I have been busy working on Datakiosk and am nearing a new release. I know many folks are a bit puzzled by this application, so to dispel the wonder I have cooked up a pretty cool demonstration of Datakiosk thanks to Klik. This new release will add some pretty significant new features.
The image below shows the demo in action. As you can see, I've changed the project bar to reflect Qt4 designer's widget box layout ideas. This gives a better separation of Tables and Reports and it also allowed me to introduce ... Views. These are customizable composite forms that can be optionally populated by the edit forms of the table tree. Searching and scrolling and editing all work as normal from within them.

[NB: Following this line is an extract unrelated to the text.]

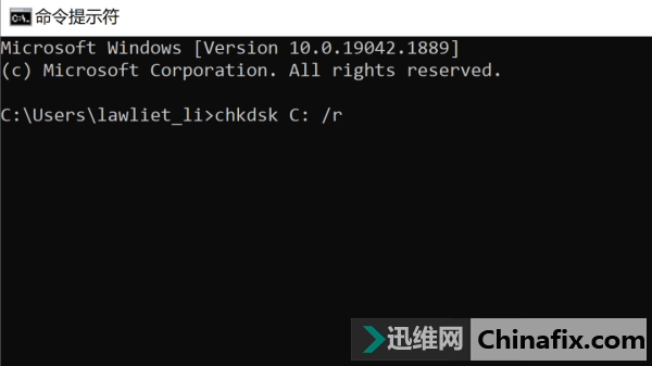 但是如果想掃描驅動器,定位壞扇區,恢復可讀信息,應該輸入:chkdsk,空格,驅動器的字母,冒號,空格,/,參數“r”然后按回車鍵。同樣以C盤為例,如下圖:
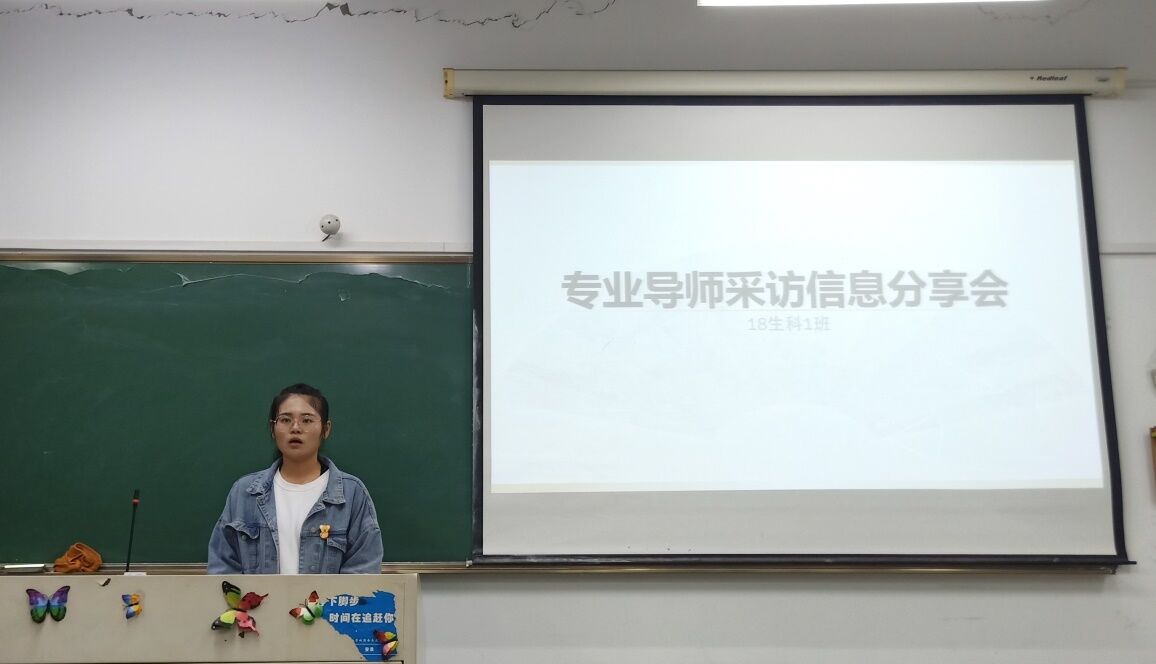 在为期一周的时间内18生科一班同学分成八组分别访问了公司学业导师,并拉近同学们与公司老师的距离。各小组尽可能详细地了解导师的信息,准备相关问题,如第一小组预设的“老师,你当初为什么选择了这个研究方向”“老师,您认为我们在跟您的学习中最需要什么品质”;采访中,第三组将公司的三幢大楼和实验室走了个遍,也有跑到北校区的第五小组;采访结束后,每组都抓紧地制做PPT。过程中,个别小组附上了相关的采访照片,部分同学还不太熟悉导师,汇报者都尽其所能地帮助他们消除疑问。他们将各自采访的导师的基本信息与情况传递给每位同学,以便同学们做出更好的选择。

datakiosk-demo-0.8-beta.cmg (Kurt says we'll have it available as klik://datakiosk-demo in a bit)
Feedback is welcome as I would like to use this demo to get a feel for how people think about this new release. However, there are a few known issues that mostly spring from the fact that this demo uses an embedded sqlite database. Because this demo uses Klik, it will not install a database anywhere on your harddrive and is thus, read-only. It is entirely self-contained within the .cmg file, so don't be surprised if you try to edit a field and click commit to find that you get a 'read-only' error. Second, the Qt SQL sqlite driver does not return the query size for SELECT statements. Because of this, the number of rows in the table as reported in the project box will only show how many rows are currently visible unless you scroll. I'm trying to find a way around this.
Other than that, please let me know if you have any problems or would like to see something I missed.

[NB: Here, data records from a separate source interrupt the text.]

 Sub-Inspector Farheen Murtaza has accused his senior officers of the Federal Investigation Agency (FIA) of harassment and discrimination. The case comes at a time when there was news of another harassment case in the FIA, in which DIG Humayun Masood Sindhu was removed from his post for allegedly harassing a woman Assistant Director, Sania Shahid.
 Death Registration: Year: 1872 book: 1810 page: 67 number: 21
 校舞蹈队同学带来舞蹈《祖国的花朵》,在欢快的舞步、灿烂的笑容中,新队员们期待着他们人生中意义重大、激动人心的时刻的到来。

And in other Datakiosk news, we had a mention in Linux Format Magazine recently. Here is a blurb:
"We've seen a few database front-ends in HotPicks. They're ususally rather grey affairs, geared towards experienced admins. That's not a big problem per se, but we're always lad to see different approaches, such as the one taken by Datakiosk." [...]
"Datakiosk's power lies in its searching facilities, which range from simple queries via the search bar at the top of the screen to custom SQL commands. In between sits the Advanced Search facility, where you can select data based on less-thans, not-equals and so forth. Individual searches can be saved and stored with the overall project for later use, and you can request further information from users mid-search too." [...]
"As well as making searching easy, an approachable front-end has to offer simple data entry. You'll be pleased to read that Datakiosk's attention to detail in this area is excellent."
Well, thanks for the kind words Mike, but you really should play with this demo, as I think you'll find that it really outshines the last release :=)
Finally, about the actual database:
It comes from here. I've modified it a little and converted it to sqlite for use of this example, but it is generally considered to be one of the world's best baseball statistics databases.
A bit better than Northwind, no?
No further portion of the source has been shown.